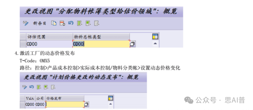 作用:啟用物料分類帳后,標(biāo)準(zhǔn)價(jià)格只允許發(fā)布在下期,為了防止遺漏發(fā)布價(jià)格,系統(tǒng)允許使用動(dòng)態(tài)價(jià)格發(fā) 布。舉例說明:A物料在1月份標(biāo)記價(jià)格,滾算日為2月1日。2月1日是沒有通過CK24發(fā)布價(jià)格,如果啟用動(dòng)態(tài)價(jià)格發(fā)布,當(dāng)2月1日后勤對(duì)A物料發(fā)生任何一筆產(chǎn)生會(huì)計(jì)憑證的業(yè)務(wù)時(shí),會(huì)自動(dòng)將新價(jià)格發(fā)布至2月1日,也就是說,在第一筆業(yè)務(wù)發(fā)生的時(shí)候,產(chǎn)生的會(huì)計(jì)憑證除了物料移動(dòng)自身所對(duì)應(yīng)的憑證外,同時(shí)會(huì)附帶一張價(jià)格修改憑證。 注意:不建議激活動(dòng)態(tài)價(jià)格發(fā)布,目前該功能存在 bug,激活后將可能導(dǎo)致物料在主數(shù)據(jù)下的標(biāo)準(zhǔn)價(jià),與物料分類帳中的標(biāo)準(zhǔn)價(jià)不一致。 目前這個(gè)問題沒有很好的解決方案,對(duì)于生產(chǎn)機(jī),建議聯(lián)系 SAP 直接改表,統(tǒng)一兩邊價(jià)格;對(duì)于測(cè)試機(jī),可直接重置物料分類帳,并取消激活動(dòng)態(tài)價(jià)格發(fā)布。 5.定義材料更新結(jié)構(gòu) T-Code: 0MX9 路徑:控制>產(chǎn)品成本控制>實(shí)際成本控制/物料分類帳>物料更新>定義材料更新結(jié)構(gòu) 剩余部分內(nèi)容請(qǐng)自行下載查看: 備用鏈接:
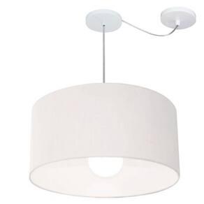 Lustre Pendente Cilíndrico Com Desvio Md-4233 Cúpula Em Tecido 55x30cm Branco - Bivolt
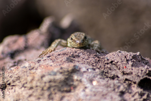 Gut getarnte Eidechse auf Stein in freier Wildbahn kriecht durch ihr Revier auf Nahrungssuche und nimmt ein Sonnenbad zum Aufwärmen vor der Jagd wechselwarmes Reptil mit Schuppen und langem Schwanz
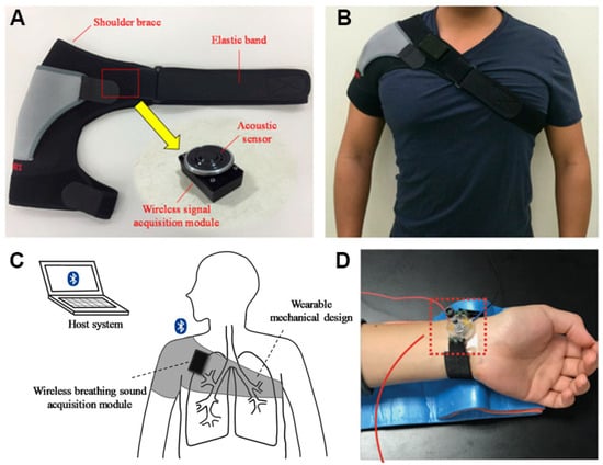 lFlexible wireless sensing system for asthma management. (A) Structural design of the flexible respiratory sound patch. (B) Schematic of on-body use, with the patch attached to the chest wall to capture breathing sounds. (C) System block diagram for real-time analysis of airway status. (D) Wrist-worn flexible blood-pressure sensor for coordinated monitoring. (A–C) Adapted from [132]; (D) adapted from [133].
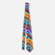 An tie case with a colourful abstract design made up of a mix of swirling wavy colours.
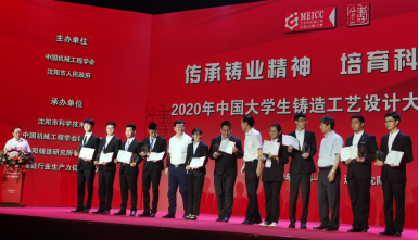 2020年9月4日7日,“永冠杯”第十一届中国大学生铸造工艺设计大赛决赛(即现场答辩阶段)在辽宁沈阳友谊宾馆进行。我校赵亚忠和彭银利老师带队参加决赛,经过激烈角逐,我校代表队决赛成绩为第14名,并成功斩获一等奖,填补了河南省此项赛事一等奖的空白。
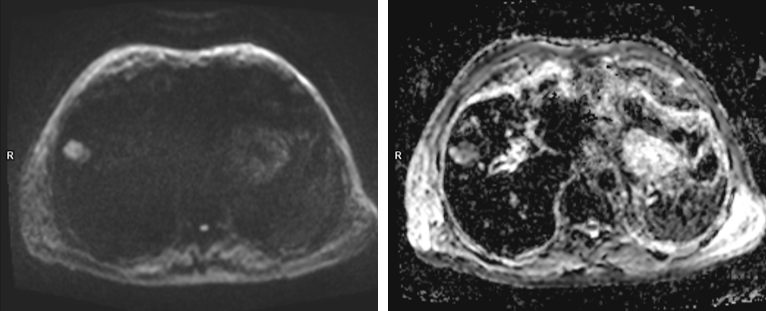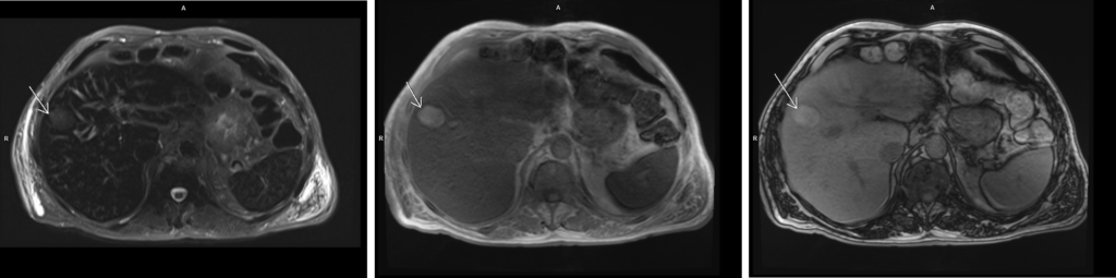 Pacientul era cunoscut cu polipoza adenomatoasă și i s-a descoperit întâmplător la ecografie o leziune expansivă hepatică. Pe examinarea CT nu a putut fi caracterizat convenabil iar la examinarea IRM s-a decelat o leziune spontan în hipersemnal T1 cu priză de contrast în timp precoce și fenomen de spălare rapidă a contrastului în timp venos / tardiv.
########
» What you should do
Return the whole listing word for word, minus its pictures.

» Exercise solution
 作用:啟用物料分類帳后,標(biāo)準(zhǔn)價(jià)格只允許發(fā)布在下期,為了防止遺漏發(fā)布價(jià)格,系統(tǒng)允許使用動(dòng)態(tài)價(jià)格發(fā) 布。舉例說明:A物料在1月份標(biāo)記價(jià)格,滾算日為2月1日。2月1日是沒有通過CK24發(fā)布價(jià)格,如果啟用動(dòng)態(tài)價(jià)格發(fā)布,當(dāng)2月1日后勤對(duì)A物料發(fā)生任何一筆產(chǎn)生會(huì)計(jì)憑證的業(yè)務(wù)時(shí),會(huì)自動(dòng)將新價(jià)格發(fā)布至2月1日,也就是說,在第一筆業(yè)務(wù)發(fā)生的時(shí)候,產(chǎn)生的會(huì)計(jì)憑證除了物料移動(dòng)自身所對(duì)應(yīng)的憑證外,同時(shí)會(huì)附帶一張價(jià)格修改憑證。 注意:不建議激活動(dòng)態(tài)價(jià)格發(fā)布,目前該功能存在 bug,激活后將可能導(dǎo)致物料在主數(shù)據(jù)下的標(biāo)準(zhǔn)價(jià),與物料分類帳中的標(biāo)準(zhǔn)價(jià)不一致。 目前這個(gè)問題沒有很好的解決方案,對(duì)于生產(chǎn)機(jī),建議聯(lián)系 SAP 直接改表,統(tǒng)一兩邊價(jià)格;對(duì)于測(cè)試機(jī),可直接重置物料分類帳,并取消激活動(dòng)態(tài)價(jià)格發(fā)布。 5.定義材料更新結(jié)構(gòu) T-Code: 0MX9 路徑:控制>產(chǎn)品成本控制>實(shí)際成本控制/物料分類帳>物料更新>定義材料更新結(jié)構(gòu) 剩余部分內(nèi)容請(qǐng)自行下載查看: 備用鏈接:
 Lustre Pendente Cilíndrico Com Desvio Md-4233 Cúpula Em Tecido 55x30cm Branco - Bivolt
 Gut getarnte Eidechse auf Stein in freier Wildbahn kriecht durch ihr Revier auf Nahrungssuche und nimmt ein Sonnenbad zum Aufwärmen vor der Jagd wechselwarmes Reptil mit Schuppen und langem Schwanz
 lFlexible wireless sensing system for asthma management. (A) Structural design of the flexible respiratory sound patch. (B) Schematic of on-body use, with the patch attached to the chest wall to capture breathing sounds. (C) System block diagram for real-time analysis of airway status. (D) Wrist-worn flexible blood-pressure sensor for coordinated monitoring. (A–C) Adapted from [132]; (D) adapted from [133].
 An tie case with a colourful abstract design made up of a mix of swirling wavy colours.
 2020年9月4日7日,“永冠杯”第十一届中国大学生铸造工艺设计大赛决赛(即现场答辩阶段)在辽宁沈阳友谊宾馆进行。我校赵亚忠和彭银利老师带队参加决赛,经过激烈角逐,我校代表队决赛成绩为第14名,并成功斩获一等奖,填补了河南省此项赛事一等奖的空白。
 Pacientul era cunoscut cu polipoza adenomatoasă și i s-a descoperit întâmplător la ecografie o leziune expansivă hepatică. Pe examinarea CT nu a putut fi caracterizat convenabil iar la examinarea IRM s-a decelat o leziune spontan în hipersemnal T1 cu priză de contrast în timp precoce și fenomen de spălare rapidă a contrastului în timp venos / tardiv.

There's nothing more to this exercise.